Exercise >>
Word for word, return the lines below from the first through the line that has "Μία πολύ δυσάρεστη", dropping the pictures.

═══ Records to process

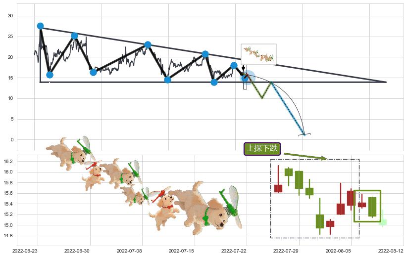 | 3 🅚:下跌抵抗 ➕ 📐:下降三角整理猜想突破点临近,临近关键支撑位,预期下沉突破下跌 ☞ 看空信号 ⇥ 【🅚线】交织【图形】⇥ 综合量化分数: 40 | > |
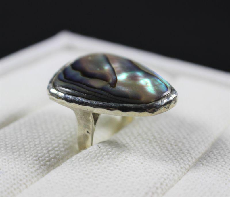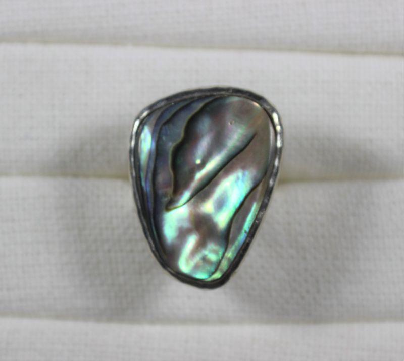 LOT#295J: Marked .925 Silver & Abalone Ring [10.8g]
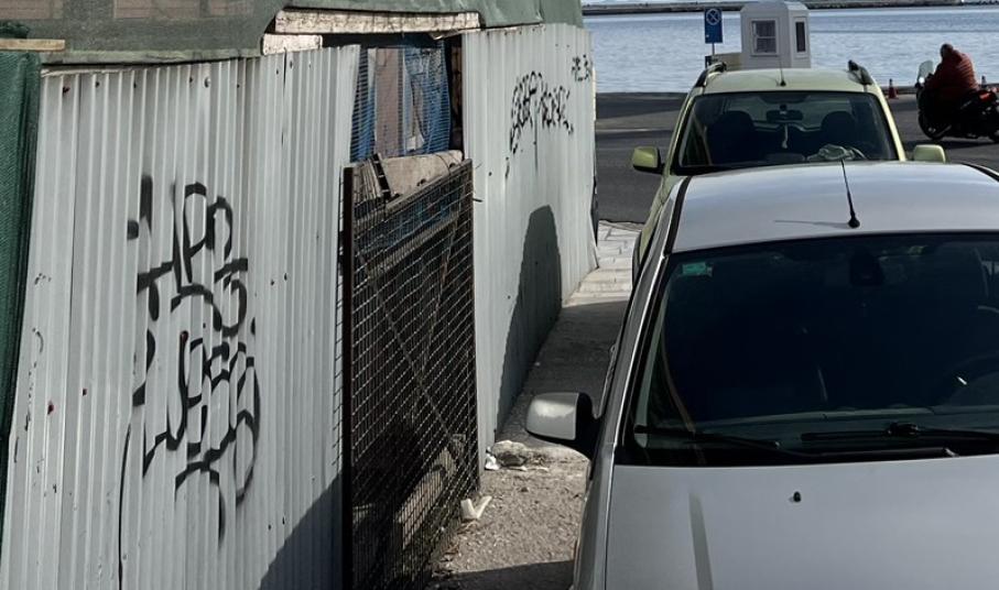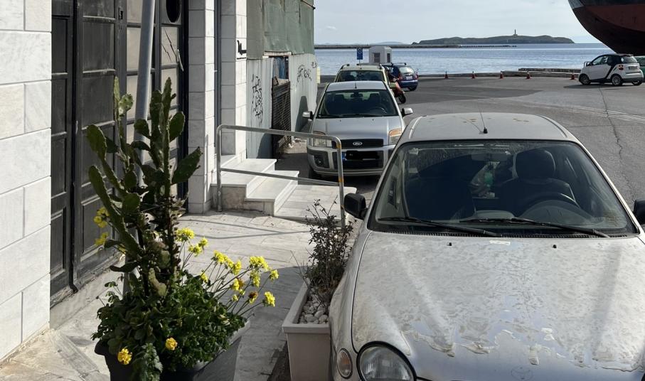 Μία πολύ δυσάρεστη εικόνα αντιμετωπίζουν καθημερινά όσοι πεζοί προσπαθούν να διασχίσουν το πεζοδρόμιο που περνάει μπροστά από το κτήριο της παλιάς Πυροσβεστικής στο λιμάνι της Ερμούπολης.
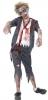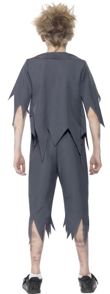This Kids Zombie School Boy costume includes a grey ripped jacket with blood stains and an attached mock shirt and tie. Also included in this gruesome look is a pair of ripped three quarter length trousers.
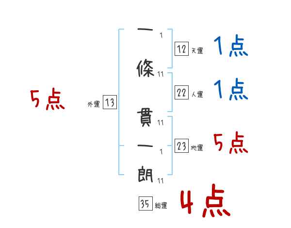 天運![]() | 一條貫一朗さんの天運は12画の1つ星!簡単な失敗で諦めてしまいやすいかも。着実に行動すると良いでしょう。 家系が持つ宿命的な運勢を表します。祖先から受け継いだ苗字ですので自分の力が及びません。家柄を象徴します。 |
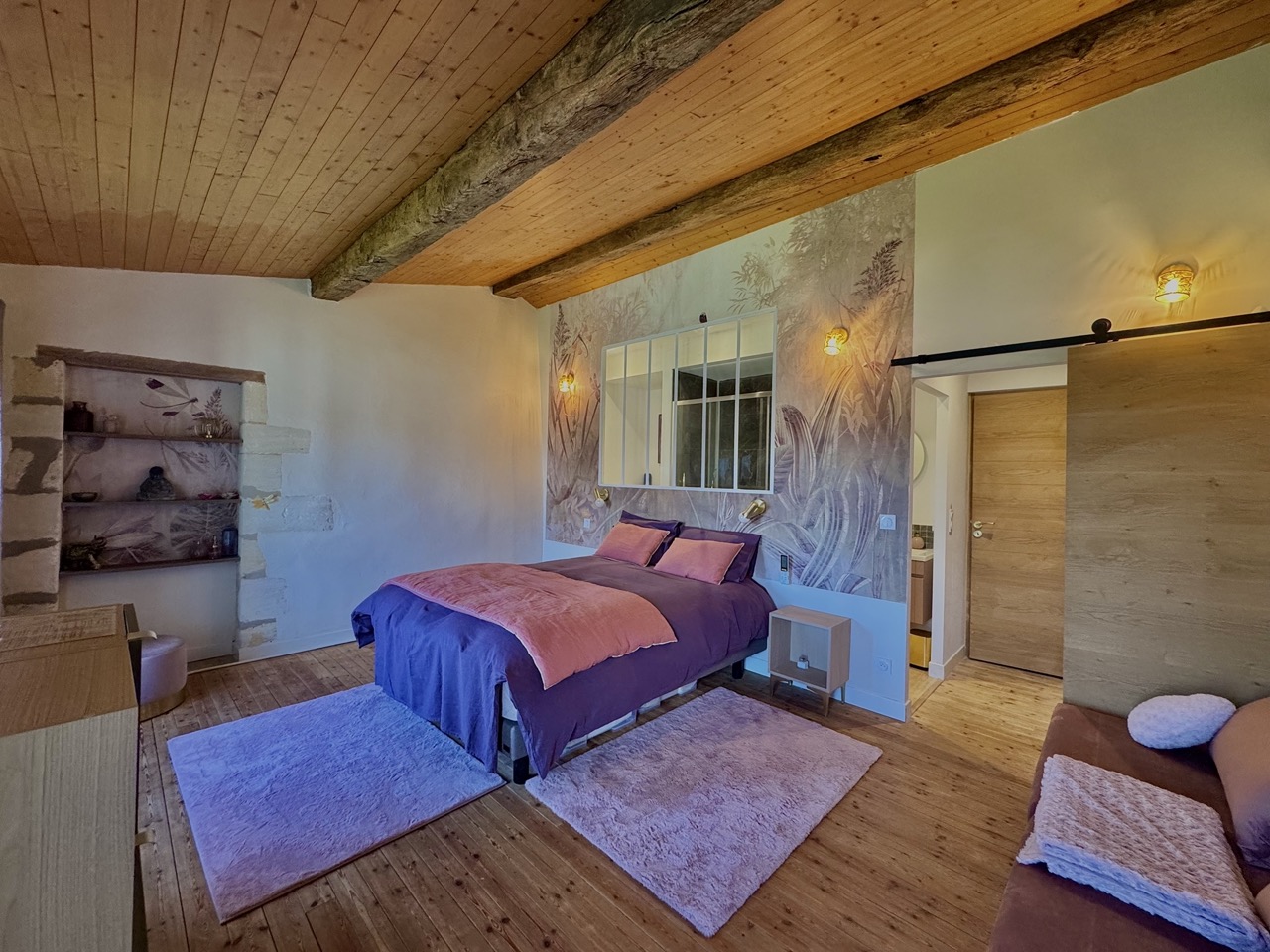 La suite Améthyste est la plus spacieuse de nos hébergements, avec une superficie de 27 m².
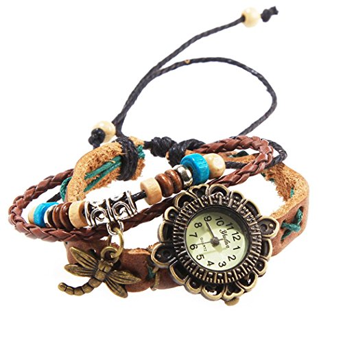 Montre bracelet coutures bleu croisees avec pendentifs libellule et perles en cuir de daim chocolat est parmi les types de montre qui pourrait être ainsi un option pour votre kid
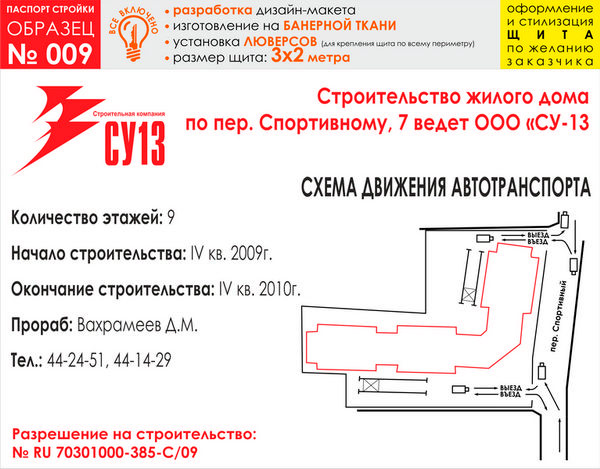 Паспорт стройки, образец № 9 (баннерная ткань, 3000х2000 cм) в Улан-Удэ купить
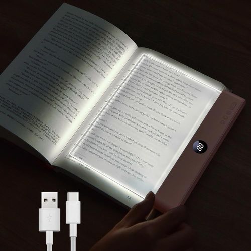 Book Light, Rechargeable Clear LED Flat Reading Light with 3 Colors & Timer, Dimmable Panel Plate Lamp Book Full Page Light for Reading in Bed at Night, Funny Gifts for Readers Kids Women Men (Pink)
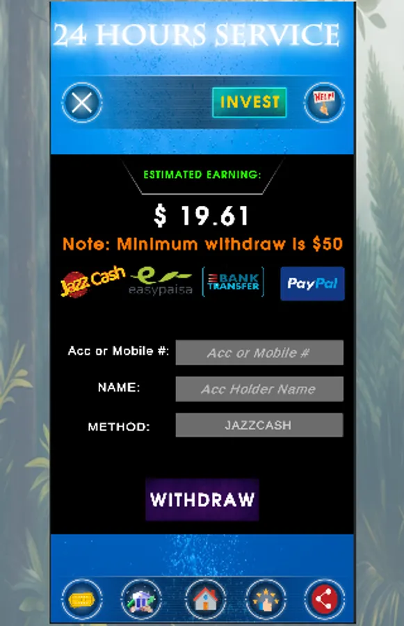 user can withdraw money by jazzcash, easy paisa or bank transfer easily.

══════

Answer space >>
 | 3 🅚:下跌抵抗 ➕ 📐:下降三角整理猜想突破点临近,临近关键支撑位,预期下沉突破下跌 ☞ 看空信号 ⇥ 【🅚线】交织【图形】⇥ 综合量化分数: 40 | > |
 LOT#295J: Marked .925 Silver & Abalone Ring [10.8g]
 Μία πολύ δυσάρεστη εικόνα αντιμετωπίζουν καθημερινά όσοι πεζοί προσπαθούν να διασχίσουν το πεζοδρόμιο που περνάει μπροστά από το κτήριο της παλιάς Πυροσβεστικής στο λιμάνι της Ερμούπολης.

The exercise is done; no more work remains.